Кажется, отпустило. Полковник победно посмотрел на капитана.

– Совершенно верно. Без помощи Федосеев просто бы не справился. Связи с уголовным миром он поддерживал через своих бывших подопечных, зная, что когда-нибудь такая дружба может сослужить ему хорошую службу.

– Что делать с Федосеевым, товарищ полковник?

Геннадий Васильевич устало откинулся на спинку стула. Глаза его неожиданно повеселели. Казалось, он думал о чем угодно, но только не о заданном вопросе.

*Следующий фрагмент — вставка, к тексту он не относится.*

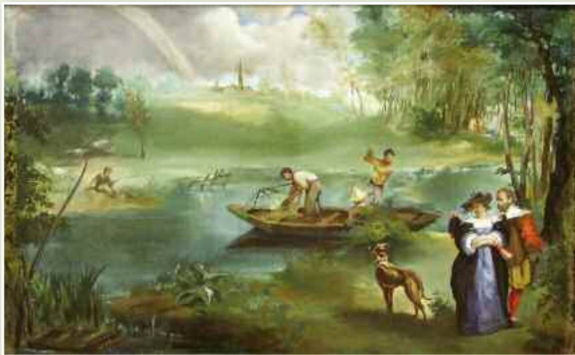
Fishing , Édouard Manet, c. 1862-3, Metropolitan Museum of Art.

There are only a few other 19th century French paintings that show Greyhounds in art, but there are two in the United States that have a link to Berthe Morisot. Her only art teacher of any repute was the landscape painter Corot (1796-1875), whose Bath of Diana is at the Dallas Museum of Art, while Fishing , by her brother-in-law Édouard Manet, is at the Metropolitan Museum of Art. ■

– А с Федосеевым делать ничего не нужно, капитан. Пусть себе как работал, так и работает. Насколько мне известно, он у начальства на хорошем счету. Они его ценят за аккуратность и педантичность. Для молодых он в некоторой степени наставник, авторитет. Да и зацепить нам его не за что. Ведет замкнутый образ жизни: из дома на службу и обратно. Есть у него, конечно, мелкие увлечения, порой цепляет молодых проституток у гостиниц. Но ведь за это не сажают, как говорится, кто из нас без греха. Два грамма героина ему в карман подсунуть? Несерьезно. А потом, я думаю, что подобная афера вряд ли пройдет. Все-таки он сам в органах проработал два десятка лет и про подобные фокусы наслышан, а может быть, и сам проделывал не однажды. Так что придется набраться терпения. Вся надежда на Захара… если он опять не отмочит какой-нибудь номер. Ты вот что, Гриша, – по-простецки обратился Крылов к капитану, что случалось с ним крайне редко. – Нужно будет заглянуть к соседям Мерзоева, возможно, они подскажут что-нибудь еще. Хотя картина более или менее уже ясная.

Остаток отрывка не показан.